Un elevador hidráulico destinado a asistir a pasajeros con movilidad reducida se desplomó este miércoles por la tarde en el Aeropuerto Internacional de Ezeiza, hiriendo a cinco personas. Entre los afectados se encuentran tres pasajeros y dos trabajadores aeronáuticos que participaban del desembarque de un vuelo de Aerolíneas Argentinas proveniente de Ushuaia.
Colapso de elevador en Ezeiza dejó seis heridos
Una tarde de gran conmoción se vivió en el Aeropuerto Internacional Ministro Pistarini, ubicado en Ezeiza, al registrarse un grave siniestro operativo. Un elevador hidráulico, diseñado para asistir el desembarque de pasajeros con movilidad reducida, se precipitó desde una altura de seis o siete metros. El incidente, ocurrido durante el descenso de los ocupantes del vuelo AR 1976 de Aerolíneas Argentinas, proveniente de Ushuaia, dejó un saldo de seis personas heridas, entre pasajeros y personal aeronáutico.
El suceso tuvo lugar cuando la mayoría de los viajeros ya había descendido por la manga sin inconvenientes.

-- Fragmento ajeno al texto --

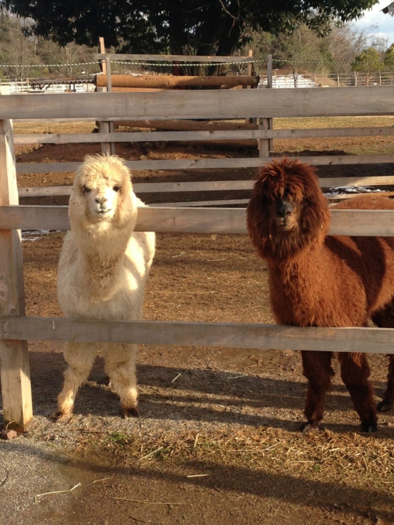 アルパカがいたいた(⌒▽⌒)二匹子供みたいで、めっちゃなつくけど、近くに行くと唾をはきそうなので😱😱😱😱
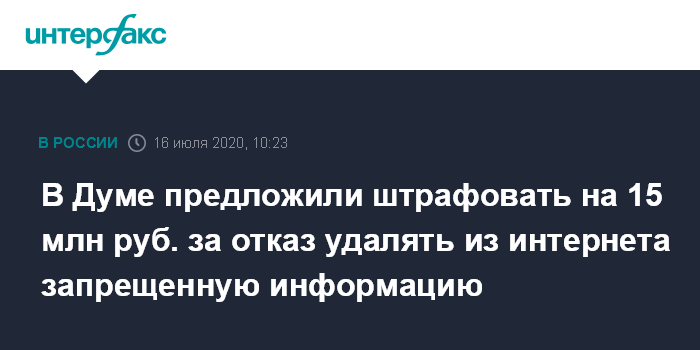 Москва. 16 июля. INTERFAX.RU - В Госдуму в четверг внесен законопроект, предусматривающий серьезные штрафные санкции за не предпринятые провайдерами и владельцами сайтов меры по ограничению доступа и удалению информации, распространение которой в РФ запрещено; согласно законопроекту, штрафы за такие нарушения могут доходить до 15 млн рублей.
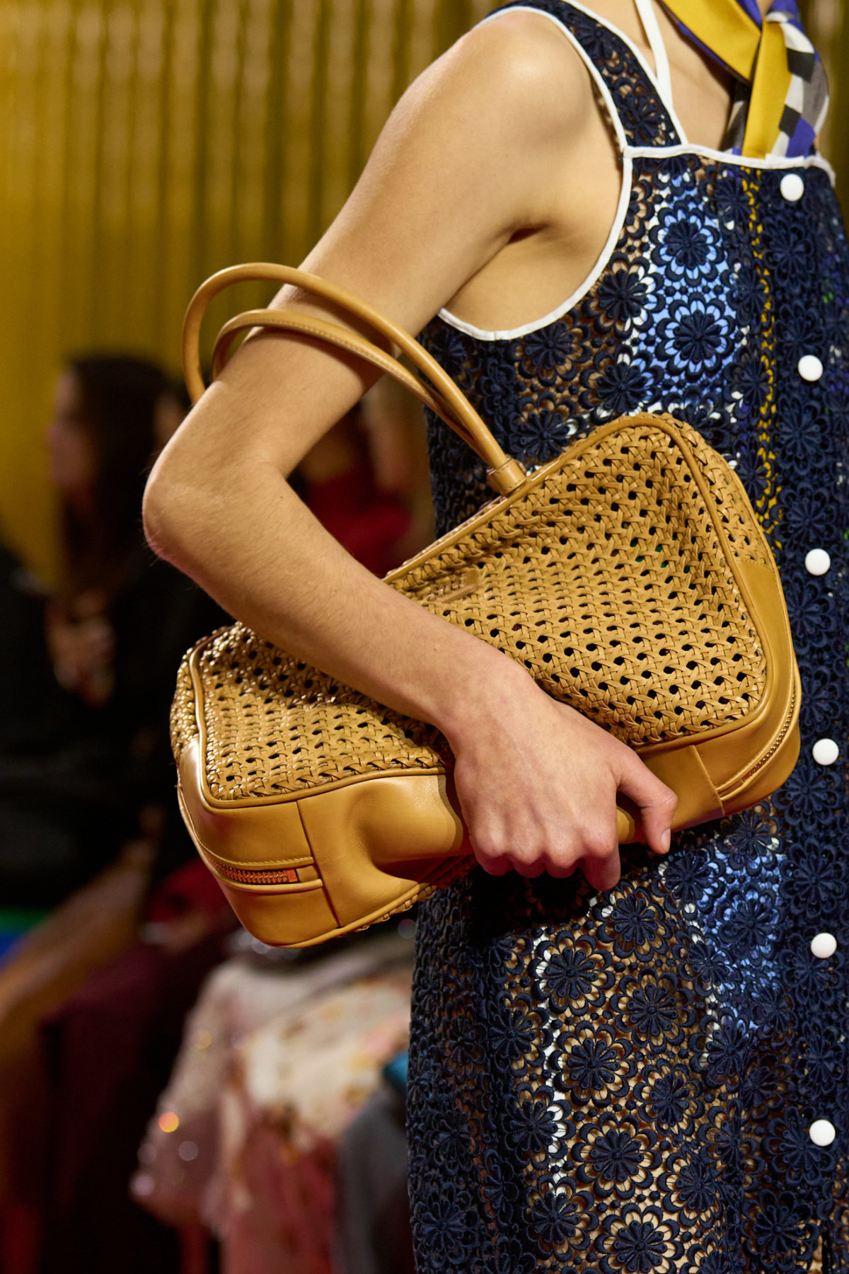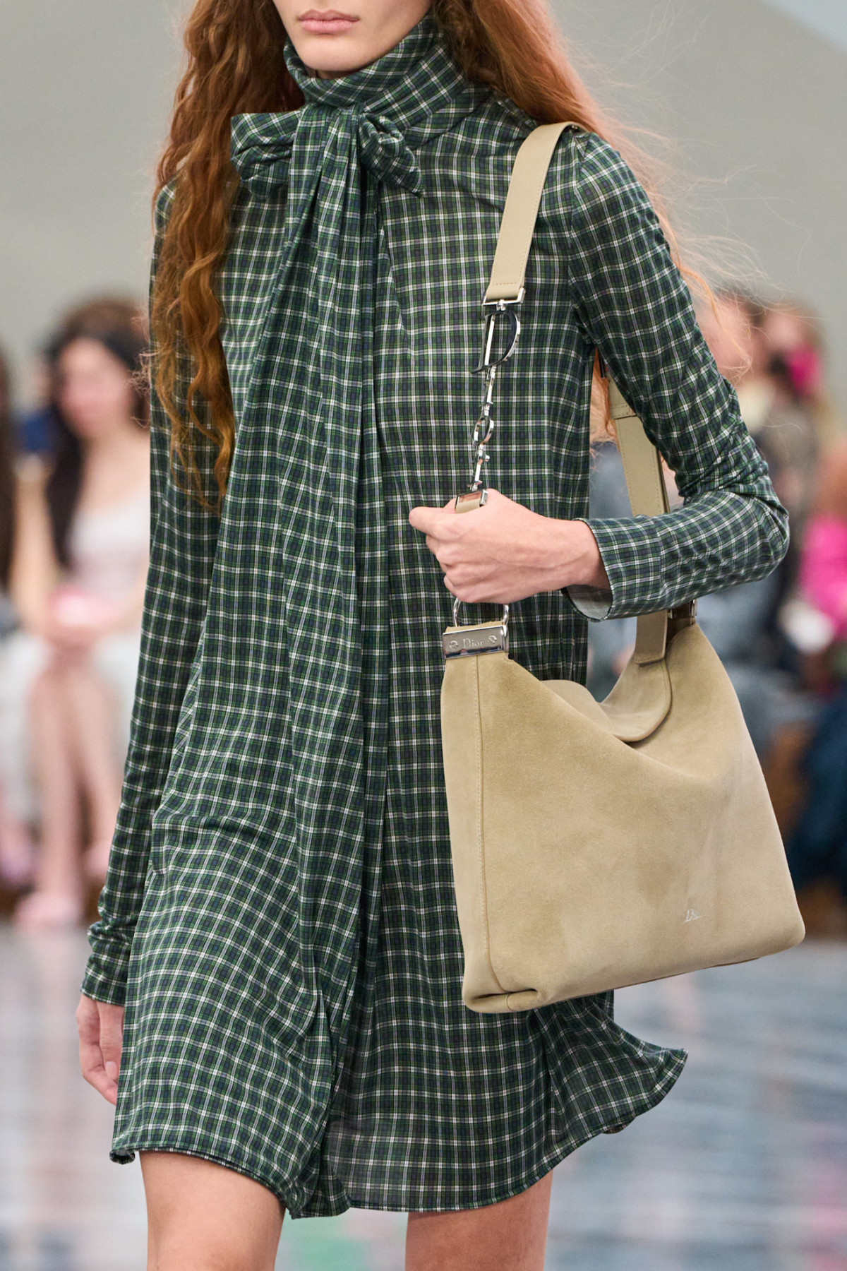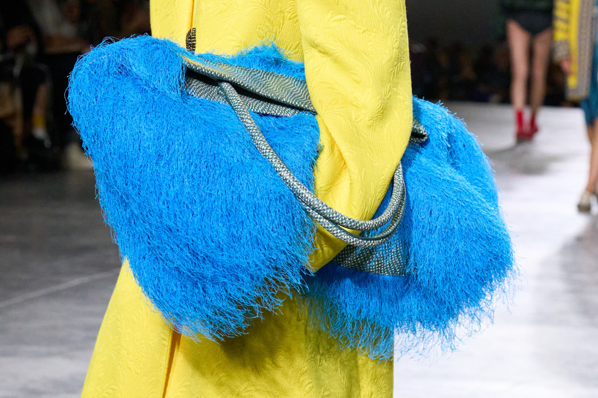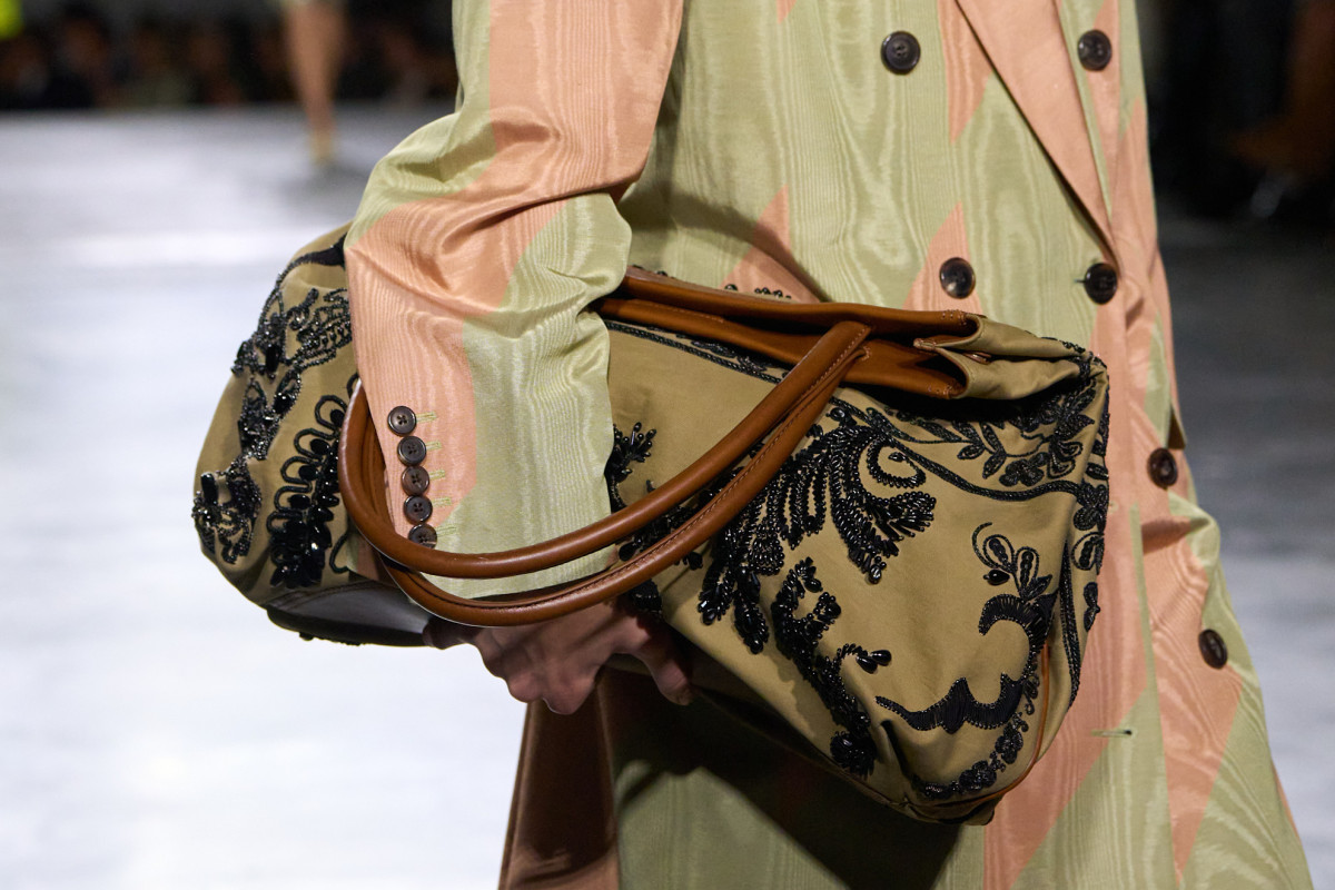 Сумки-мішки — про грайливість і гарний настрій. Цього сезону вони «виросли» до розміру невеликих, але вже цілком практичних сумок. Вони стають ефектним акцентом як у повсякденних, так і у вечірніх образах, проте саме в щоденних образах виглядають найбільш цікаво й контрастно. Шкіряні, текстильні, атласні — усі вони працюють на грі фактур і створюють виразний діалог з одягом. Prada до атласних яскравих сумок-мішечків додає відповідні атласні рукавички.

Sin embargo, tres pasajeros con movilidad reducida eran asistidos por el elevador especial. En el momento en que la plataforma se encontraba a varios metros del suelo, la estructura cedió de manera imprevista y cayó al vacío.
El estado de las víctimas
Los tres pasajeros que se encontraban en la plataforma sufrieron diversos politraumatismos. Personal médico de la terminal aeroportuaria brindó asistencia inmediata, constatando que todos permanecían conscientes, aunque presentaban golpes de diversa consideración producto del impacto.
Las lesiones de mayor entidad se registraron entre los trabajadores aeronáuticos que operaban el equipo. Dos empleados de la empresa GPS y un tercero de Intercargo resultaron afectados. Fuentes oficiales informaron que al menos dos de ellos padecieron fracturas importantes, incluyendo una de tibia y peroné, y otra de tipo expuesta, evidenciando la gravedad del suceso.
Asistencia y traslado
Tras las primeras atenciones brindadas en el mismo aeropuerto, tanto los pasajeros como los operarios heridos fueron trasladados de urgencia al Hospital Eurnekian de Ezeiza. Allí quedaron bajo observación para la realización de estudios complementarios y el tratamiento de sus lesiones.
En paralelo a la asistencia médica, se implementó un operativo de seguridad en la zona de plataforma. Personal de la Policía de Seguridad Aeroportuaria (PSA) acordonó el área para asegurar los restos del equipo siniestrado y evitar nuevos riesgos mientras se iniciaban las primeras evaluaciones.
Investigación en curso
El desplome del elevador, a pesar de tratarse de un procedimiento protocolizado y asistido, generó inmediatos interrogantes sobre el estado de mantenimiento del equipo y la efectividad de los controles de seguridad aplicados. Técnicos de las empresas involucradas y peritos especializados iniciaron las labores de investigación para determinar si la causa del accidente radicó en fallas mecánicas, un error de diseño o un error operativo por parte del personal. La fiscalía en turno fue notificada del hecho y se aguardan los resultados de los peritajes para establecer responsabilidades.
Reclamos y el debate sobre la seguridad
El impactante hecho, con la imagen de un elevador especial cayendo en plena operación, conmovió a los testigos y reavivó viejos reclamos de sindicatos aeronáuticos y organizaciones de usuarios. Estos sectores vienen advirtiendo sobre la necesidad de invertir en seguridad y mantenimiento de la infraestructura aeroportuaria. El incidente puso en el centro de la atención la idoneidad de los equipos destinados a personas con movilidad reducida en los aeropuertos argentinos, un eslabón clave para la accesibilidad que, a partir de este episodio, demandará una revisión exhaustiva de equipos, capacitación y protocolos. Mientras se aguardan los partes médicos oficiales y los avances de la investigación, el siniestro en Ezeiza dejó una inquietante certeza: un procedimiento pensado para cuidar a los pasajeros más vulnerables se transformó en una escena de riesgo extremo que el sistema deberá explicar y corregir.